*WHAT YOU WILL DO:* Could you write out the listing below exactly as it stands, leaving out the pictures?

*PROVIDED RECORDS:*
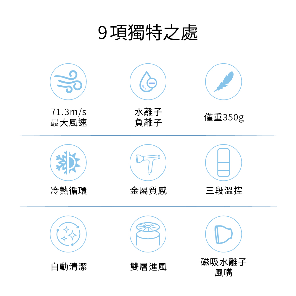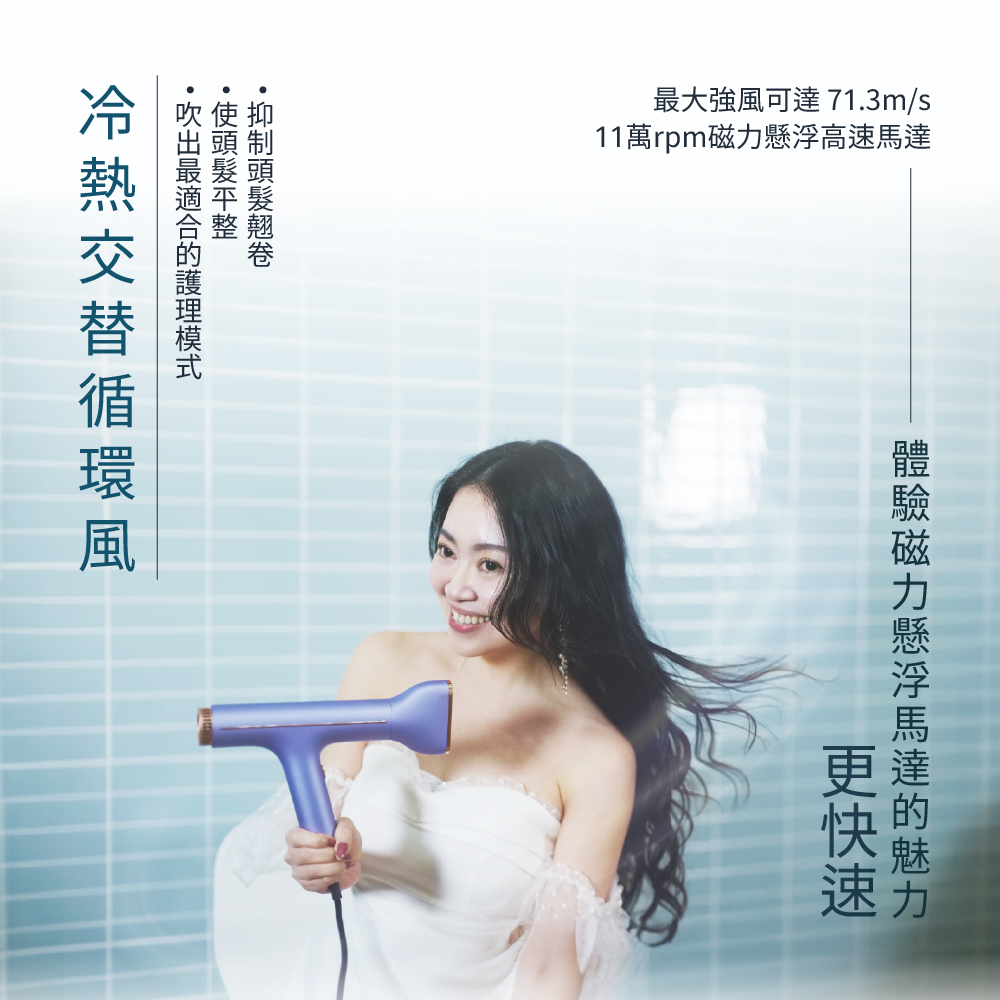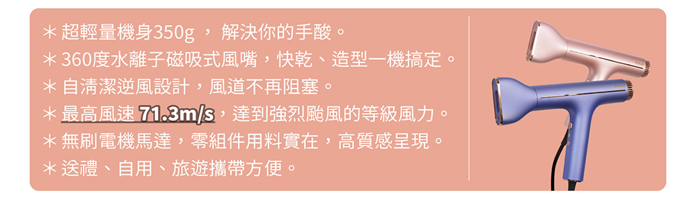 ➊ 實測71.3m/s的超高風速,能快乾並且造型您的秀髮,秀髮不再塌扁。
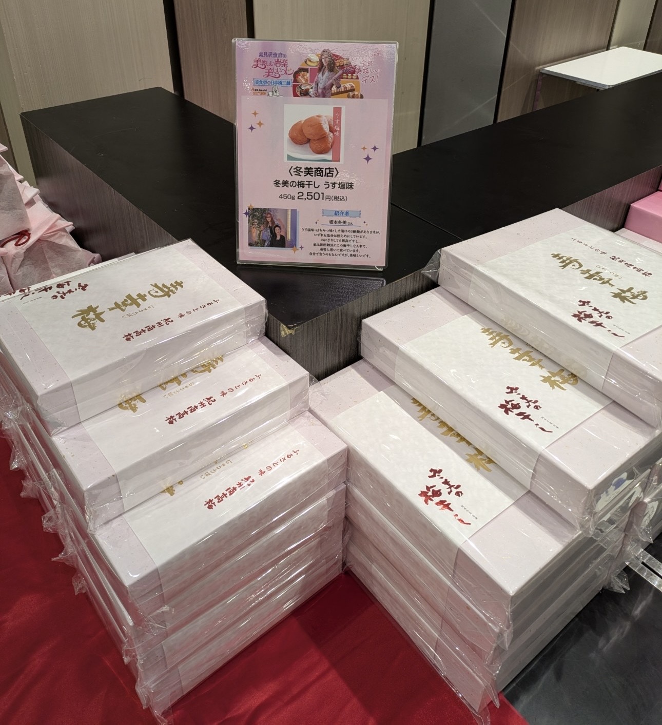 高見沢俊彦さんの番組「高見沢俊彦の美味しい音楽美しいメシ」に出演した時にご紹介させて頂きました、「冬美の梅干し」と「呼きつねのいなりずし」が、本日より18日まで日本橋三越での番組イベント「美食祭 in 日本橋三越」にて販売されます。
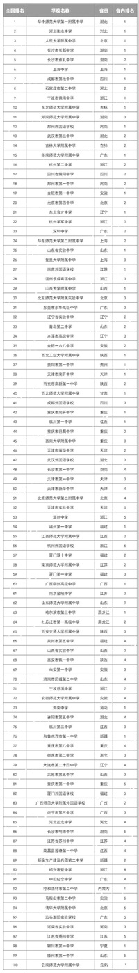 1.长沙市长郡中学(全国排名第四位)始建于1904年,前身为长沙府中学堂。湖南省首批重点中学,同时也是长郡教育集团的建立者,
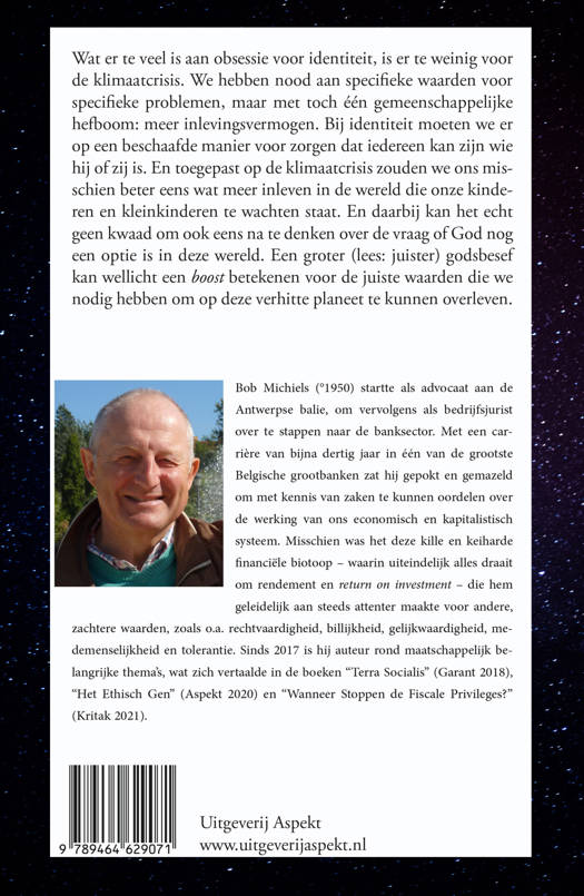 Wat er te veel is aan obsessie voor identiteit, is er te weinig voor de klimaatcrisis. We hebben nood aan specifieke waarden voor specifieke problemen, maar met toch één gemeenschappelijke hefboom: meer inlevingsvermogen. Bij identiteit moeten we er op een beschaafde manier voor zorgen dat iedereen kan zijn wie hij of zij is. En toegepast op de klimaatcrisis zouden we ons misschien beter eens wat meer inleven in de wereld die onze kinderen en kleinkinderen te wachten staat. En daarbij kan het echt geen kwaad om ook eens na te denken over de vraag of God nog een optie is in deze wereld. Een groter (lees: juister) godsbesef kan wellicht een boost betekenen voor de juiste waarden die we nodig hebben om op deze verhitte planeet te kunnen overleven.
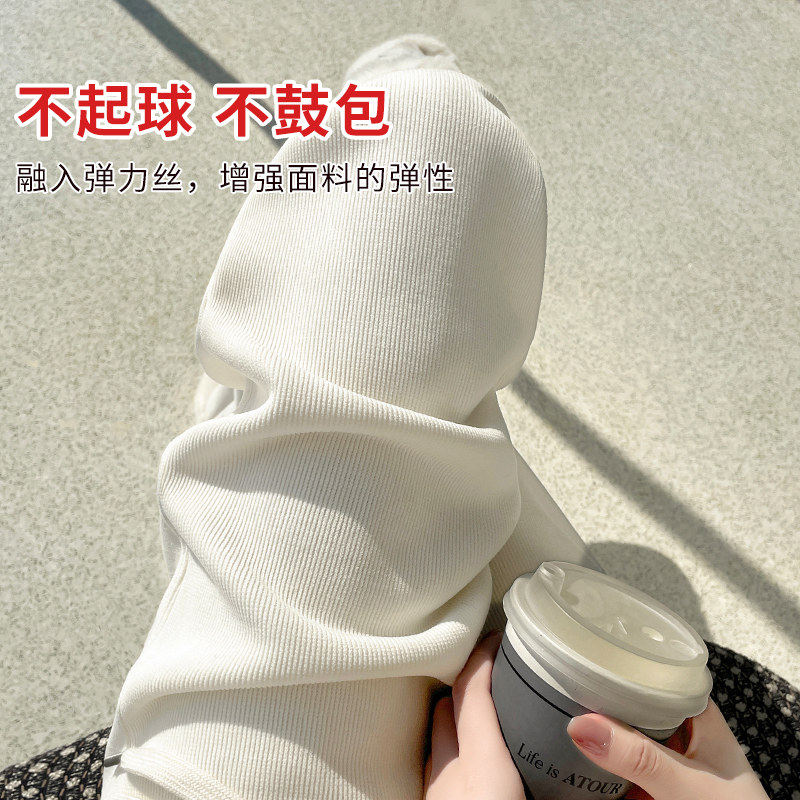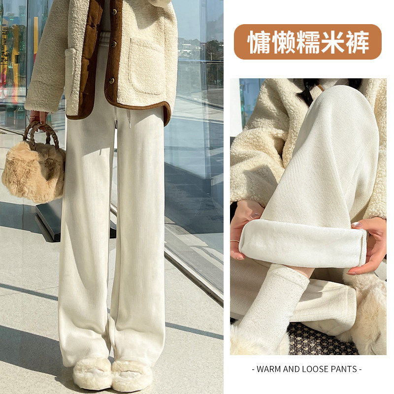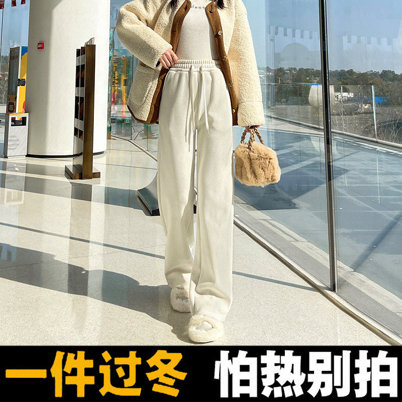 窄版羊羔绒阔腿裤女2024秋冬加绒垂感加厚保暖东北棉裤外穿直筒裤

*RESPONSE TO THE TASK:*
 ➊ 實測71.3m/s的超高風速,能快乾並且造型您的秀髮,秀髮不再塌扁。
 高見沢俊彦さんの番組「高見沢俊彦の美味しい音楽美しいメシ」に出演した時にご紹介させて頂きました、「冬美の梅干し」と「呼きつねのいなりずし」が、本日より18日まで日本橋三越での番組イベント「美食祭 in 日本橋三越」にて販売されます。
 1.长沙市长郡中学(全国排名第四位)始建于1904年,前身为长沙府中学堂。湖南省首批重点中学,同时也是长郡教育集团的建立者,
 Wat er te veel is aan obsessie voor identiteit, is er te weinig voor de klimaatcrisis. We hebben nood aan specifieke waarden voor specifieke problemen, maar met toch één gemeenschappelijke hefboom: meer inlevingsvermogen. Bij identiteit moeten we er op een beschaafde manier voor zorgen dat iedereen kan zijn wie hij of zij is. En toegepast op de klimaatcrisis zouden we ons misschien beter eens wat meer inleven in de wereld die onze kinderen en kleinkinderen te wachten staat. En daarbij kan het echt geen kwaad om ook eens na te denken over de vraag of God nog een optie is in deze wereld. Een groter (lees: juister) godsbesef kan wellicht een boost betekenen voor de juiste waarden die we nodig hebben om op deze verhitte planeet te kunnen overleven.
 窄版羊羔绒阔腿裤女2024秋冬加绒垂感加厚保暖东北棉裤外穿直筒裤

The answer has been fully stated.